Dublin Port tenants get leverage in High Court
South Wharf is still waiting for a High Court judgment in a dispute with Dublin Port over the planned change of use for its the Irish Glass warehouse premises in Ringsend on the capital's southside.

South Wharf, once part of Ardagh plc, leases the building from the port operator, and the pair ended up in court early last year. Judgment was reserved, and both sides are awaiting the outcome, which is expected (but don't hold your breath) early this year.

But the company might take some comfort from a not dissimilar case involving Classic Oil, another Dublin Port tenant. Classic has three 95/99-year leases from Dublin Port, and wanted to transfer part of its interest to Lagan Bitumen Ltd.

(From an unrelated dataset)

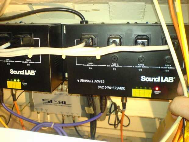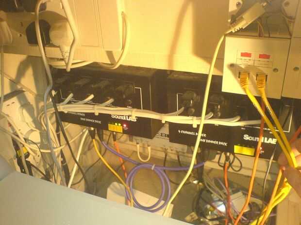 En la parte delantera de la rejilla se puede ver un haz de 1mm T & E cable, cada uno de ellos va a un lugar de iluminación en toda la casa. Sencillamente este cable va desde el regulador recto a la luminaria en el techo, esto hace que el cableado de cualquier luminarias muy fácil, ya que hay sólo un solo cable a contender con. Estos cables están conectados a las barras intensidad con conectores IEC macho (la versión masculina de un plomo de hervidor de agua)

Dublin Port refused, and the matter ended up on the road to the High Court. However, the parties settled at the last minute, late last year, and Dublin Port gave its consent to the transfer.

Kerry feeds British
The British love affair with sausages continues. The latest figures show that sales of sausages in the UK increased by 4.6 per cent last year to over £500 million (€721.9 million) for the first time. This is good news for Kerry Group, who as Goodbody Stockbrokers Mr Liam Igoe points out, are big players in the sausage market. The brokers reckon that Kerry has a 34 per cent share of the market, with sales of around €200 million of its Walls, Mattessons and Denny brands.